Sabato, 26 Mag, 2018

Padoan rassicura: per le banche venete soluzione vicina

Banche venete, Mustier: sono ottimista Dietro il dissesto delle banche venete, spunta l'ombra della Germania
Remigio Civitarese | 14 Giugno, 2017, 12:56

Dal ministro Padoan e dalla Commissione europea sono arrivate oggi indicazioni confortanti. Secondo il quale "la soluzione non contemplerà alcuna forma di bail-in" con gli "obbligazionisti senior e depositanti" che "saranno in ogni caso pienamente garantiti".
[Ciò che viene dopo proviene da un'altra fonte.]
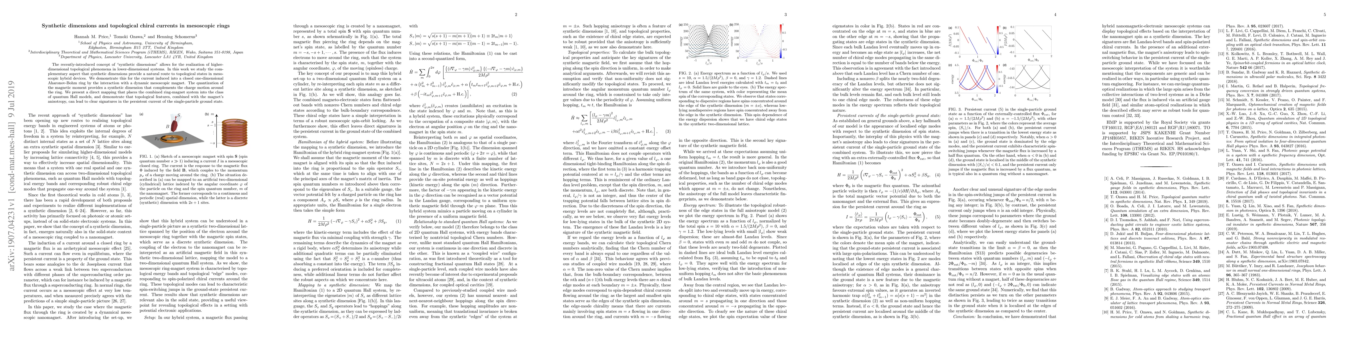 The recently-introduced concept of "synthetic dimensions" allows for the realization of higher-dimensional topological phenomena in lower-dimensional systems. In this work we study the complementary aspect that synthetic dimensions provide a natural route to topological states in mesoscopic hybrid devices. We demonstrate this for the current induced into a closed one-dimensional Aharonov-Bohm ring by the interaction with a dynamic mesoscopic magnet. The quantization of the magnetic moment provides a synthetic dimension that complements the charge motion around the ring. We present a direct mapping that places the combined ring-magnet system into the class of quantum Hall models, and demonstrate that topological features, combined with the magnet's anisotropy, can lead to clear signatures in the persistent current of the single-particle ground state.
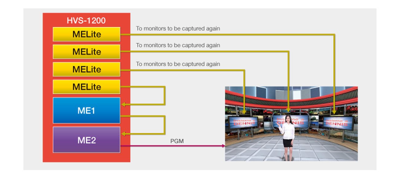 - Any M/E can be assigned to multiple on-stage monitors for independent background transitions and graphics transitions – all from the same control panel.
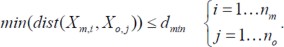 De forma análoga al método de la sección 2b, la asociación de B-splines considerará inicialmente solo los puntos del polígono de control que genera las curvas. En este paso, las distancias entre los puntos de los polígonos de control de todos los objetos son obtenidas asociando las curvas observadas en la posición k+s, con las curvas de referencia almacenadas en el mapa, usando el criterio mostrado en la ecuación 3. Donde XO,i y XRSL,I son los puntos de control de las splines observadas y de las splines en el mapa que se está construyendo respectivamente, dist (XRSL,i, XO,i) representa la distancia Euclidiana entre dos puntos. Finalmente nm y n0 son el número de puntos de control de las spline en el mapa y de las spline observadas en la posición k+s respectivamente. Al final de esta primera etapa, las splies con un número mínimo μmin de puntos de control relacionados, serán asociados.
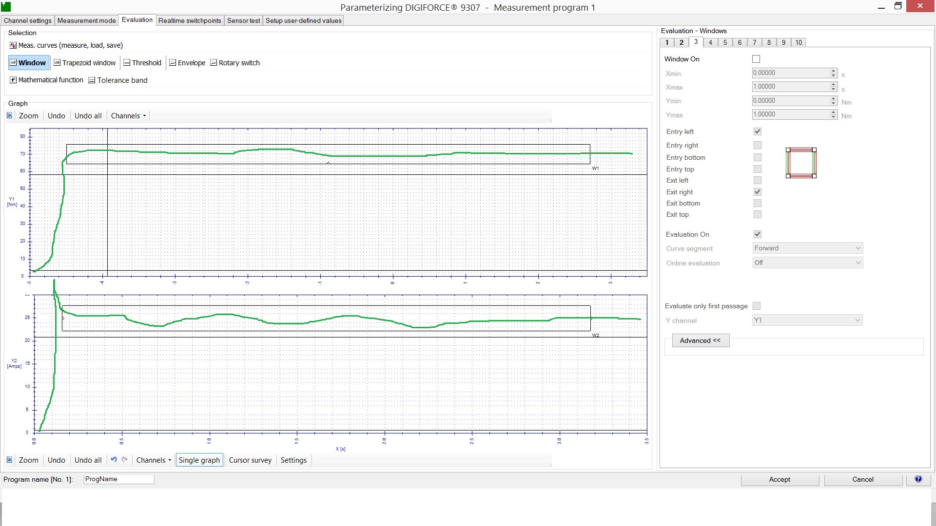 The Burster Digiforce 9307 is a full featured analysis system that goes beyond standard X vs. Y signature analysis with tolerance bands and windows.
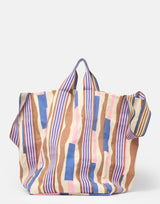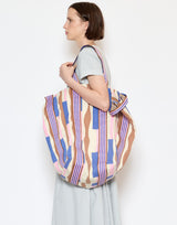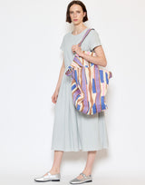 Épice Paris Cotton Canvas Tote Bag in Lavender. Made from cotton canvas featuring a unique paper-cutting inspired design. Short top handles and longer shoulder straps. Cotton lined. Snap button closure. H 40cm x W 38cm x D 20cm. Made in India.
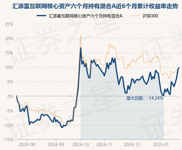 汇添富互联网核心资产六个月持有混合A为混合型-偏股基金,根据最新一期基金季报显示,该基金资产配置:股票占净值比92.84%,无债券类资产,现金占净值比6.49%。基金十大重仓股如下:

In relazione all'andamento delle discussioni in corso su Veneto Banca e Banca Popolare di Vicenza, il Ministro dell'Economia e delle Finanze Pier Carlo Padoan comunica che "la soluzione è ormai prossima e che le interlocuzioni con le istituzioni europee sono incoraggianti". "I depositi saranno in ogni caso pienamente garantiti". Sul dossier venete ha parlato anche il commissario Ue Valdis Dombrovskis in una conferenza stampa.
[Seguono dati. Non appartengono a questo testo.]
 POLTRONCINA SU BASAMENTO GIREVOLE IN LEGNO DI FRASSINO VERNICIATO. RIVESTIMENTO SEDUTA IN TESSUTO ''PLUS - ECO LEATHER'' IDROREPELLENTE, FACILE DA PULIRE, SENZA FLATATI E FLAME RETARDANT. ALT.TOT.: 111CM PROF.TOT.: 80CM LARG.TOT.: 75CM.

Oggi è in programma il Cda di Popolare Vicenza mentre domani dovrebbe seguire quello di Veneto Banca: c'è attesa quindi di conoscere almeno qualche indizio del possibile accordo che sbloccherebbe la difficile situazione degli istituti veneti. "Posso solo assicurare nuovamente che lavoriamo strettamente con le autorità italiane".

La soluzione prescelta sarebbe quella tradizionale del "burden sharing", usata prima del bail-in, che prevede il riacquisto da parte dello Stato delle obbligazioni subordinate e la loro conversione in azioni, per favorire l'ingresso di nuovi soci privati. "Ci sentiamo rassicurati e anche il mercato ha preso bene la cosa: abbiamo visto la quotazione dei bond senior recuperare il 10%". Non è detto che l'intervento delle banche sia definito sulla base delle rispettive quote di partecipazione nel fondo interbancario. E tale soluzione vedrà protagoniste UniCredit e Intesa SanPaolo, pronte a traghettare le due banche fuori dall'impasse in cui versano da mesi. In merito ai tempi Costa non si è sbilanciato, servirà "il tempo necessario". Nessuna missiva alla Bce, dunque, è partita ieri da Vicenza: il cda non ha dato seguito alle voci che nei giorni scorsi ipotizzavano la remissione del destino della banca nelle mani della Banca centrale europea - atto che avrebbe significato una tutela degli amministratori di fronte allo stallo sulla ricapitalizzazione precauzionale e di fronte ai possibili rischi in caso di fallimento.